The Met’s new exhibition, Sargent and Paris (through August 3rd), traces how the city’s glamour, ambition, and avant-garde spirit shaped his early career.
You’ll find shimmering studies of light, provocative portraits that once scandalized polite society, and the unmistakable moment when Sargent stopped imitating and started rewriting the rules.
If Paris was the making of Sargent, this show is proof—and the perfect excuse to spend an afternoon at the museum while Park Avenue bursts into bloom.
The Tailor Who Brought Couture to L.A.
There’s a certain kind of 1990s glamour that gets recycled endlessly—Galliano, Tom Ford, the usual suspects—but somehow Richard Tyler’s name too often gets left out. It shouldn’t be.
Born in Sunshine, Australia (yes, really), Tyler learned to sew at age five, helping his mother make ballerina costumes and priestly vestments.
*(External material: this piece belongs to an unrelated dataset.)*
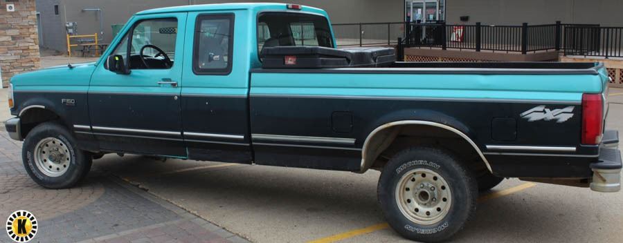 320858KM , 8 FOOT BOX WITH LINER, POWER WINDOWS,POWER DOORS, AIR CONDITIONER, MANUAL LOCKING HUBS ,ALMOST NEW MICHELIN TIRES ON TRUCK WITH 2 OTHER SPARES, LOCKING TOOL BOX WITH KEY, CB RADIO, DUAL GAS FUEL TANKS(BACK TANK NEEDS PUMP)NEWER FRONT END (DONE 2 YEARS AGO) BARREL ON DRIVERS SIDE DOOR NEEDS TO BE REPLACED. WORKS BUT INTERMITTENTLY 2 SETS OF KEYS ARE ON TAG #94 AT THE FRONT

He eventually left school to apprentice full-time, mastering the old-school techniques that would later set him apart.
When Tyler arrived in Los Angeles in the late 1970s, he started designing menswear: razor-sharp jackets and tailored pieces that blended Savile Row precision with a rock-and-roll swagger. (Think: Ossie Clark meets Jimmy Page, with an Australian work ethic.) It wasn’t long before women started clamoring for his clothes too—leading him into eveningwear that combined the strictness of a great suit with the softness of bias-cut silks and hand-finished detailing.
Tyler built his reputation not on flash, but on craftsmanship. When he and his wife Lisa Trafficante first started selling in New York, tailors reportedly refused to work on his pieces because they "hadn't seen that kind of construction and that much handwork since the 1930s."
Hand-finished buttonholes, meticulously sewn linings, and tiny sawtooth silk welts were all part of the package. His clothes weren’t just beautiful—they were engineered. If you stumble across one of his dresses today—and you really should be looking—know you’re finding a piece of true artistry, not trend-chasing.
In short: If you're setting eBay alerts for Galliano, you should be setting them for Richard Tyler too.